Ding ding ding - we have a winner!


----------



## Freqman1 (Sep 6, 2017)

...and this is how we learn! V/r Shawn


----------



## keith kodish (Sep 6, 2017)

Schwinn-built B.F. Goodrich bikes always seemed to have a bit of last year's model/parts than other Schwinn-built bikes.

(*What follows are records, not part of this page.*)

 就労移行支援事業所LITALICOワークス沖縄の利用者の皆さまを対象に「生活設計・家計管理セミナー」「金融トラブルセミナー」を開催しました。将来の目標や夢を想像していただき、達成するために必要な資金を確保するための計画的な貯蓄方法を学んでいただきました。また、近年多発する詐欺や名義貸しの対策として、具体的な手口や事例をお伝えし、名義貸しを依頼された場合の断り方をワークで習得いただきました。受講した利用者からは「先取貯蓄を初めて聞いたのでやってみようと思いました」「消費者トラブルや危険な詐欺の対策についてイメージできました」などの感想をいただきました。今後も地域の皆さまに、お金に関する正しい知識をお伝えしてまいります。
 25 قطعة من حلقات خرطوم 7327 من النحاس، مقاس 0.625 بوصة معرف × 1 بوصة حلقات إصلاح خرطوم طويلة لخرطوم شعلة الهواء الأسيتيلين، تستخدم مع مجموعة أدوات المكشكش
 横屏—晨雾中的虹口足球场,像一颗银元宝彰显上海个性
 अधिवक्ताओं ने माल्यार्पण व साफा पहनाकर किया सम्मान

Sent from my SM-J700P using Tapatalk


----------



## sccruiser (Sep 6, 2017)

keith kodish said:


> Schwinn-built B.F. Goodrich bikes always seemed to have a bit of last year's model/parts than other Schwinn-built bikes.
> 
> Sent from my SM-J700P using Tapatalk



Got that right... notice Schwinn script on chain guard and not kooky Goodrich bullseye.


----------



## marius.suiram (Sep 6, 2017)

thanks guys.
and how much does it worth?


----------



## keith kodish (Sep 6, 2017)

Painted fender braces,truss rods,are the hubs black outs? Looks like a defense model.

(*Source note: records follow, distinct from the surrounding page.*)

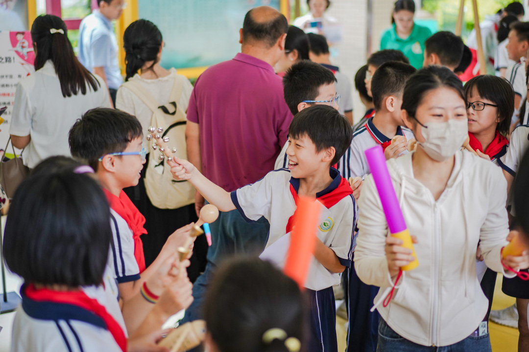 在硬核科技以外,“玩掉烦恼,玩出快乐”音乐心理乐园摊位选择将音乐与情绪关联起来,引导青少年以音乐为桥梁,了解和释放情绪。学生在现场使用三角铁、铃鼓、沙锤等多种乐器,跟随音乐节奏进行即兴演奏,在音乐氛围中增加了对自身情绪的认识。
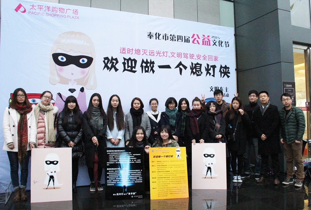 2015年12月5日,浙江大学宁波理工学院传媒与设计党总支的党员志愿者们前往位于宁波奉化市的太平洋购物广场宣传“欢迎做个熄灯侠——倡导文明驾驶,适时熄灭远光灯”活动。
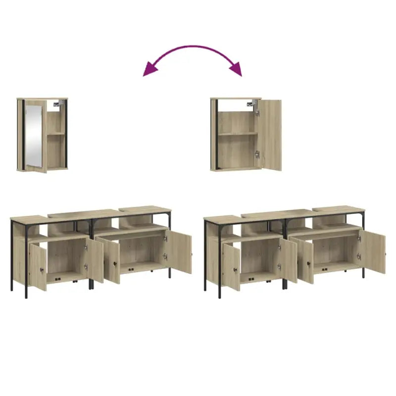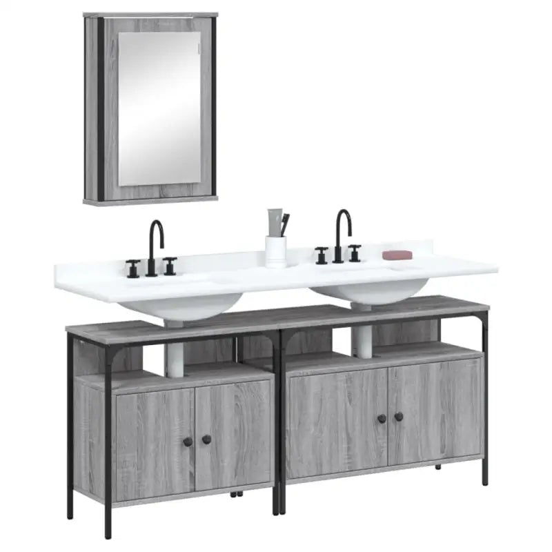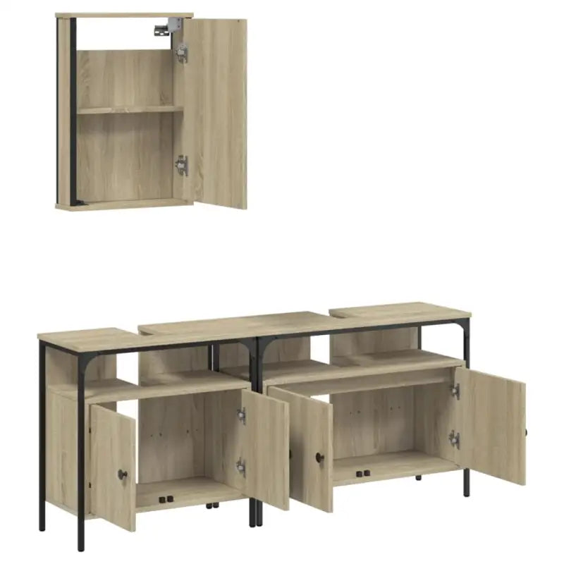 Badkamermeubelset in Sonoma Eiken met bewerkt hout en veel opbergruimte
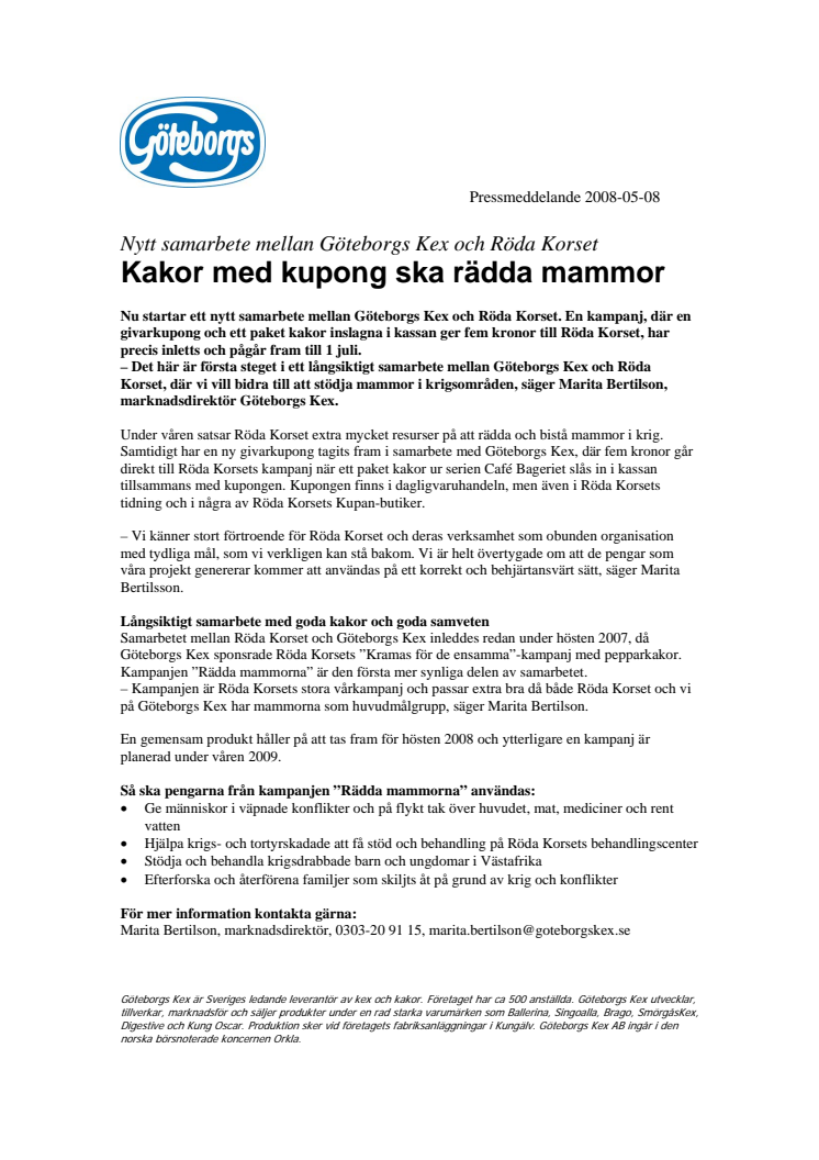 Nu startar ett nytt samarbete mellan Göteborgs Kex och Röda Korset. En kampanj, där en givarkupong och ett paket kakor inslagna i kassan ger fem kronor till Röda Korset, har precis inletts och pågår fram till 1 juli.
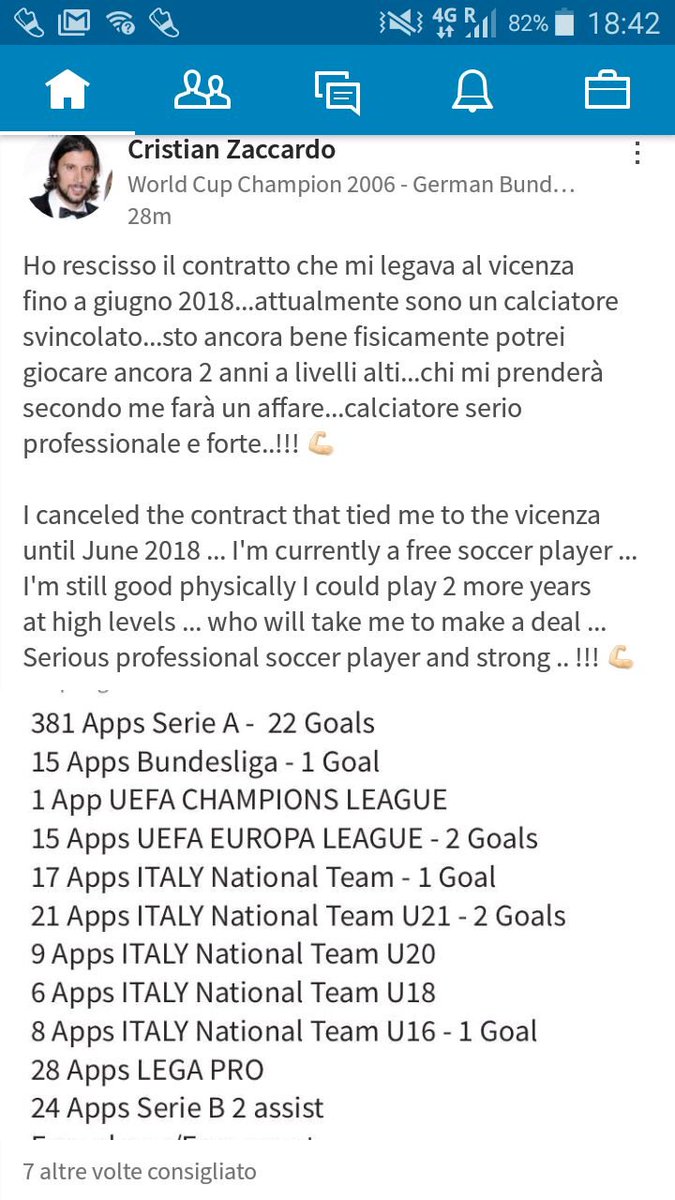 "El que me elija, en mi opinión hará un buen negocio". Así se expresó Cristian Zaccardo, campeón del mundo en 2006 con Italia, en su perfil de la red social Linkedin, donde ofrece sus servicios al club que quiera ficharlo.
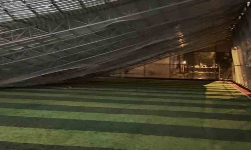 Antalya Kepez'te halı sahanın çatısı fırtına nedeniyle çöktü
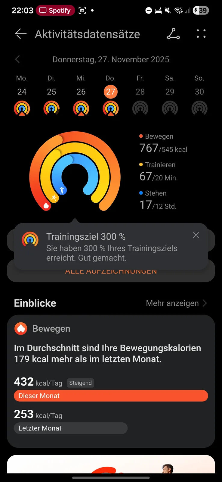 Oprogramowanie dodatkowo podkreśla szersze trendy aktywności.
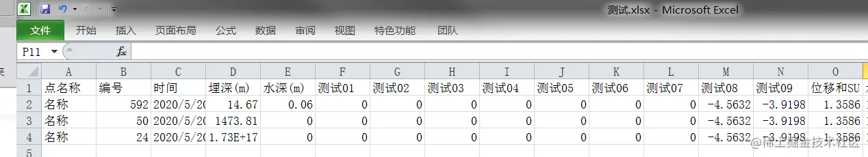 string[] excelHeader = new string[] {"点名称","编号", "时间", "埋深(m)", "水深(m)", "测试01", "测试02", "测试03", "测试04", "测试05", "测试06", "测试06", "测试07", "测试08", "测试09"};
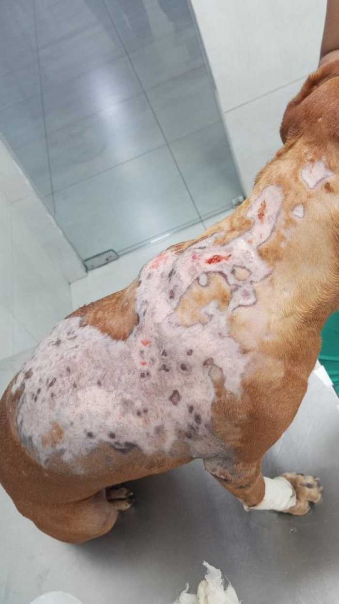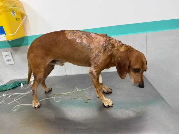 O laudo pericial feito pela Polícia Técnico-Científica confirmou que o animal sofreu queimaduras de 1º, 2º e 3º graus em aproximadamente 40% da superfície corporal. Devido à extensão dos ferimentos, o cão apresentou quadro de infecção secundária e complicações sistêmicas graves, chegando a necessitar de suporte de oxigênio durante a internação, ainda correndo risco de morte.

Sent from my SM-J700P using Tapatalk


----------



## GTs58 (Sep 6, 2017)

sccruiser said:


> Got that right... notice Schwinn script on chain guard and not kooky Goodrich bullseye.



So what doesn't belong on the bike, the head badge or the chain guard?


----------



## Freqman1 (Sep 6, 2017)

marius.suiram said:


> thanks guys.
> and how much does it worth?



So what do YOU think it's worth? You've been on here a while and seen a bunch of bikes sold. You looking to flip or keep?


----------



## marius.suiram (Sep 6, 2017)

I was thinking somewhere around 500.


----------



## John G04 (Sep 6, 2017)

Pm sent


----------



## sccruiser (Sep 6, 2017)

GTs58 said:


> So what doesn't belong on the bike, the head badge or the chain guard?



Goodrich bikes didnt have diamond painted on seat tube just have the Schwinn round script.  Headbadge goes with frame. Chainguard probably just surpluss at factory. Production slowing down towards wartime. Like Keith said using what was on hand.


----------